### What is required
Starting at the line that contains "Con júbilo y" and ending at the final line of the entries below, write out each line exactly as it appears, but omit the pictures.

Data extracted from a collection:

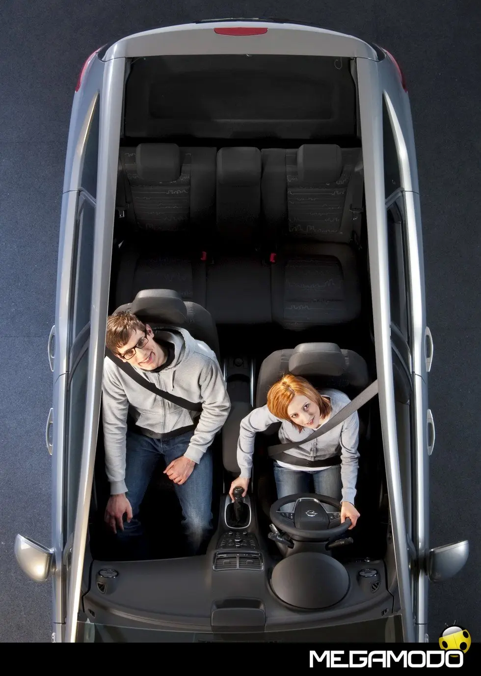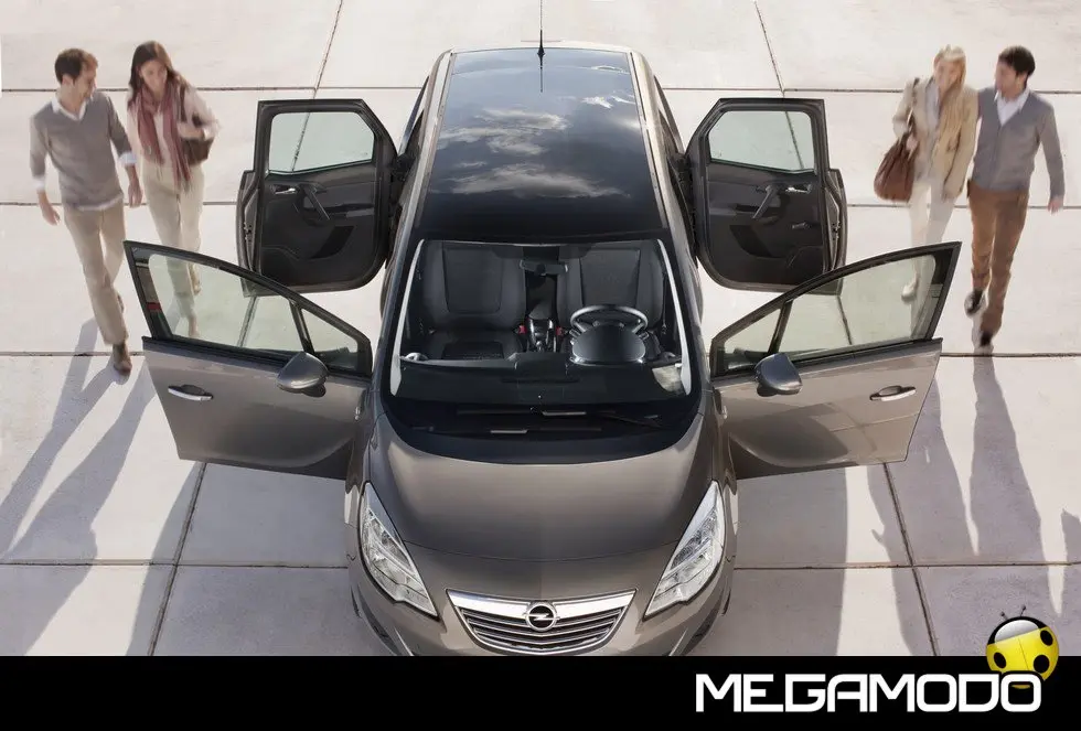 Meriva apre una nuova dimensione dell’accesso ai sedili posteriori con le originali portiere incernierate sul montante posteriore. Le FlexDoors hanno dimensioni standard e si aprono in modo indipendente rispetto alle portiere anteriori, grazie all’adozione di un robusto montante centrale che aumenta la rigidezza e la sicurezza passiva.
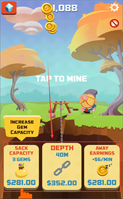 抓取的宝石和水晶可以兑换成金币,收集金币的可以提升钩爪的容量大小,锁链的长度等等;
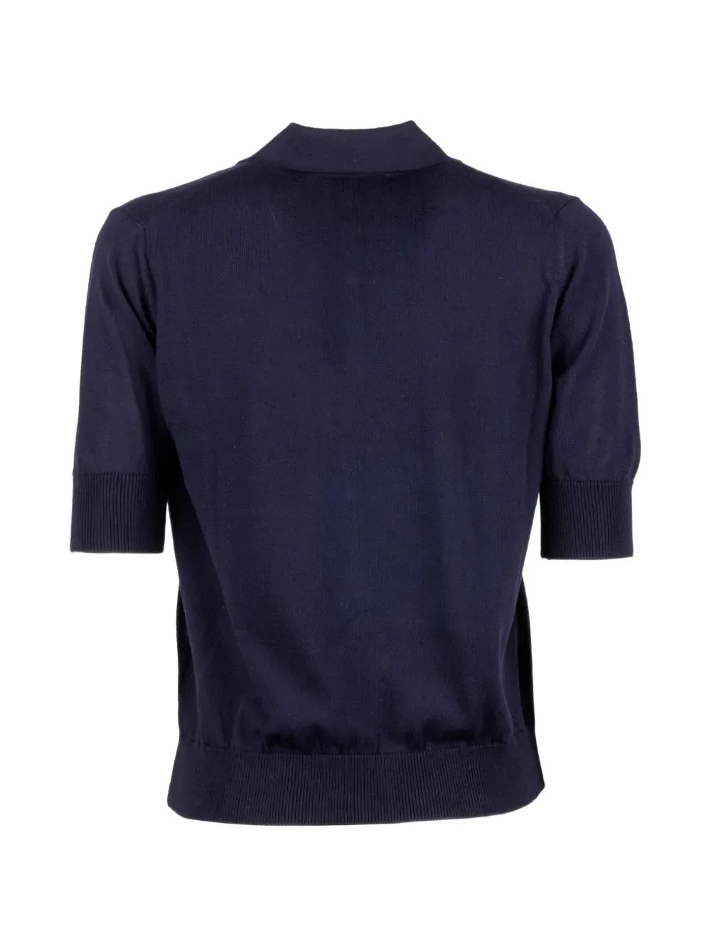 Синее поло с застежкой на пуговицы спереди, короткими рукавами, воротником-поло и ребристым подолом
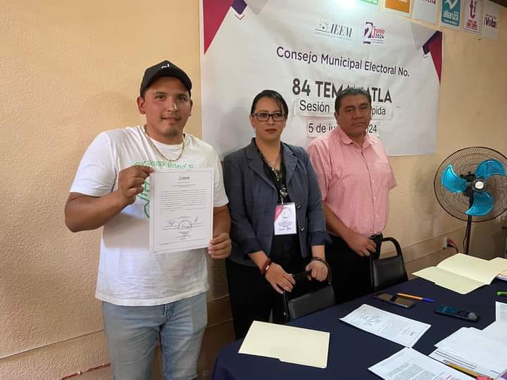 Con júbilo y agradecimiento, Pepe Gómez, candidato respaldado por el #PartidoVerde, ha sido oficialmente reconocido como Presidente Municipal electo para el periodo 2025-2027 en Temamatla. En una ceremonia llena de emotividad, Pepe Gómez recibió la constancia de mayoría, así como la Síndico, Regidores Propietarios y Regidores Suplentes que conformarán el equipo de trabajo para la administración venidera.
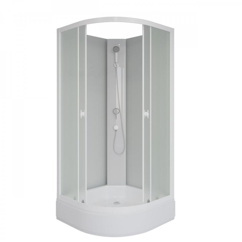 полукруглый низкий (26 см) поддон, ручной душ, смеситель с регулятором режимов, душевая лейка, задние стенки - матовое закаленное стекло 4 мм, двери - матовое закаленное стекло толщиной 4 мм, алюминиевый профиль белого цвета, габариты 100*100*200 см
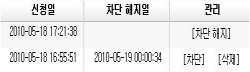 해지 요청을 신청한 ID가 리스트에 보여집니다. Beta 버전에는 해지 요청이 이메일을 통해 이루어졌으나 정식 버전에서는 해지 요청이 이메일과 더불어 리스트에 표시됨으로 편리하게 차단 해지관리가 편리해졌습니다. |
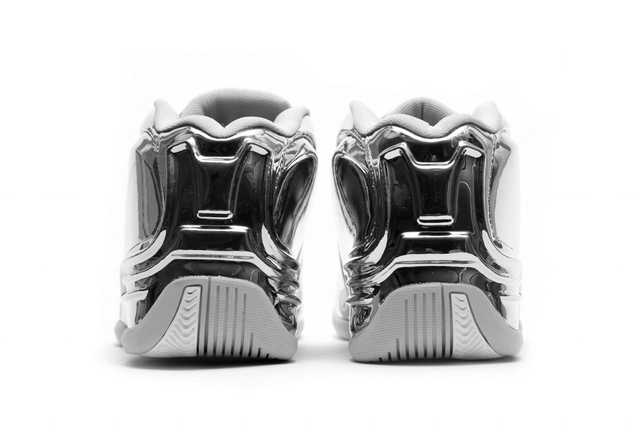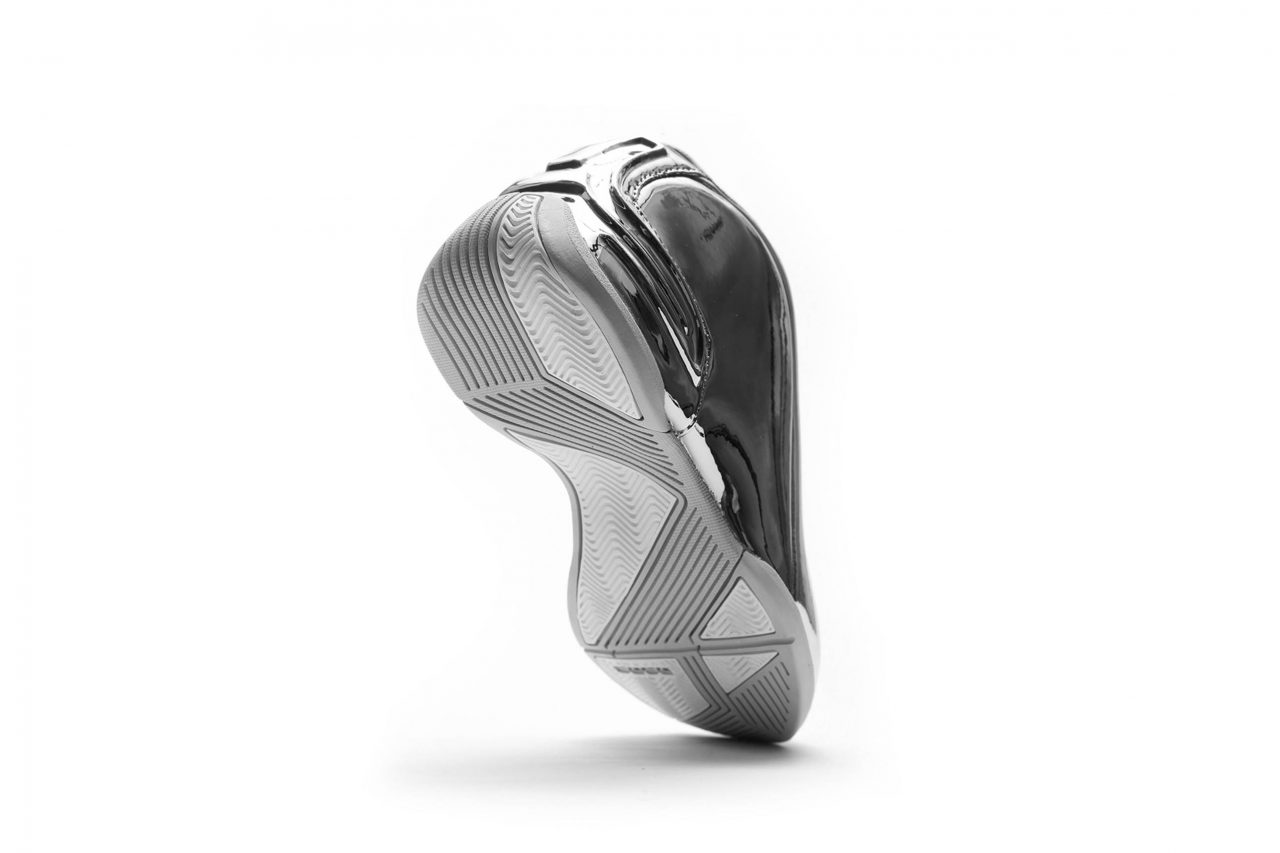 簡單外型搭配誇張的亮銀色,鞋面外側有著大面積 TPU 射出片,採用電流將電鍍液塗上,並在準確的溫度和時間掌控下,完成電鍍鞋面。鞋身上每一個細節都經過先進的電鍍工藝打磨,盡顯搶眼風采。本次復刻除了打造輕量化鞋底,更加入耐磨橡膠顆粒設計,大幅提升抓地力及速度感。
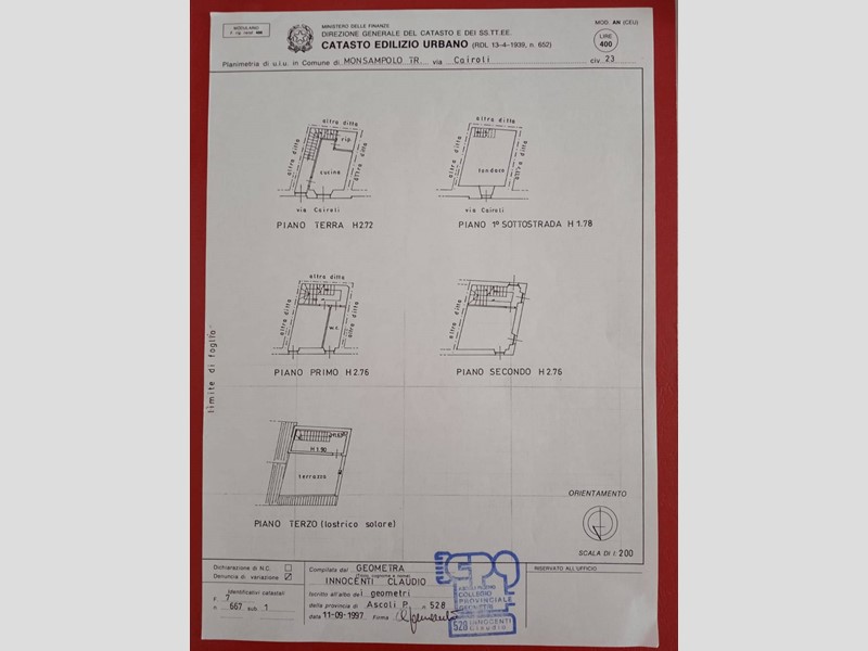 La casa si sviluppa su tre piani per un totale di 100 mq calpestabili, oltre fondaco al piano seminterrato e grande terrazza panoramica all'ultimo piano, per un totale commerciale di circa 125 mq.
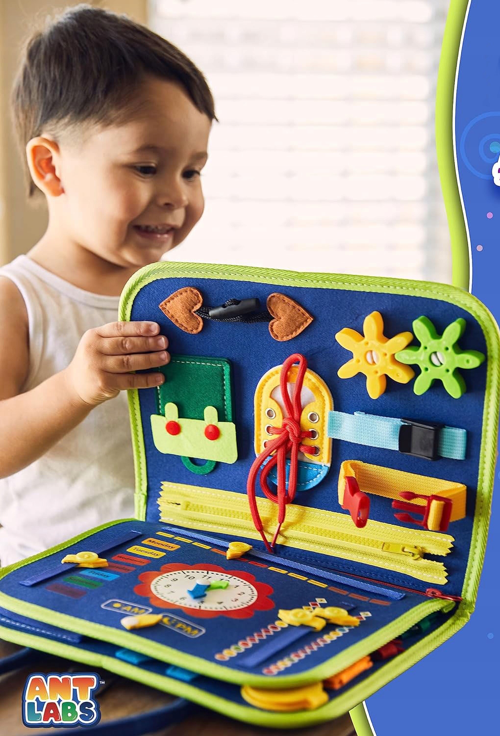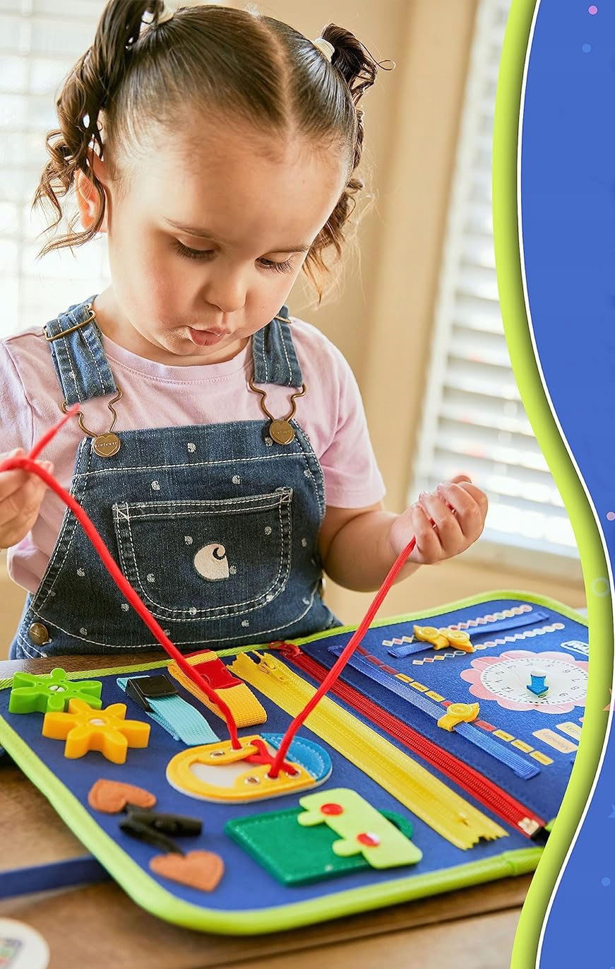 - ✅ ПОДДЕРЖИВАЕТ РАЗВИТИЕ РЕБЕНКА - доска развивает познавательные способности ребенка, выполняя действия, которые будут полезны, когда ребенок станет старше. Примером может быть завязывание обуви или использование зажимов в рюкзаке
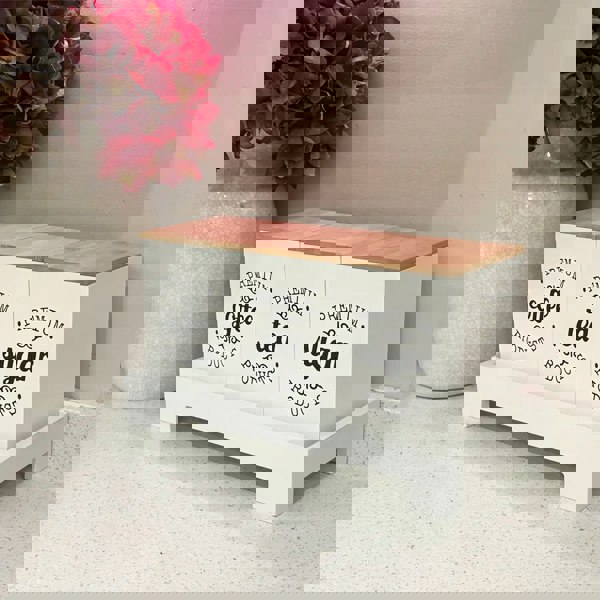 Made from a durable and sturdy wood with bamboo lids.

### Reply to the exercise
 Con júbilo y agradecimiento, Pepe Gómez, candidato respaldado por el #PartidoVerde, ha sido oficialmente reconocido como Presidente Municipal electo para el periodo 2025-2027 en Temamatla. En una ceremonia llena de emotividad, Pepe Gómez recibió la constancia de mayoría, así como la Síndico, Regidores Propietarios y Regidores Suplentes que conformarán el equipo de trabajo para la administración venidera.
 полукруглый низкий (26 см) поддон, ручной душ, смеситель с регулятором режимов, душевая лейка, задние стенки - матовое закаленное стекло 4 мм, двери - матовое закаленное стекло толщиной 4 мм, алюминиевый профиль белого цвета, габариты 100*100*200 см
 해지 요청을 신청한 ID가 리스트에 보여집니다. Beta 버전에는 해지 요청이 이메일을 통해 이루어졌으나 정식 버전에서는 해지 요청이 이메일과 더불어 리스트에 표시됨으로 편리하게 차단 해지관리가 편리해졌습니다. |
 簡單外型搭配誇張的亮銀色,鞋面外側有著大面積 TPU 射出片,採用電流將電鍍液塗上,並在準確的溫度和時間掌控下,完成電鍍鞋面。鞋身上每一個細節都經過先進的電鍍工藝打磨,盡顯搶眼風采。本次復刻除了打造輕量化鞋底,更加入耐磨橡膠顆粒設計,大幅提升抓地力及速度感。
 La casa si sviluppa su tre piani per un totale di 100 mq calpestabili, oltre fondaco al piano seminterrato e grande terrazza panoramica all'ultimo piano, per un totale commerciale di circa 125 mq.
 - ✅ ПОДДЕРЖИВАЕТ РАЗВИТИЕ РЕБЕНКА - доска развивает познавательные способности ребенка, выполняя действия, которые будут полезны, когда ребенок станет старше. Примером может быть завязывание обуви или использование зажимов в рюкзаке
 Made from a durable and sturdy wood with bamboo lids.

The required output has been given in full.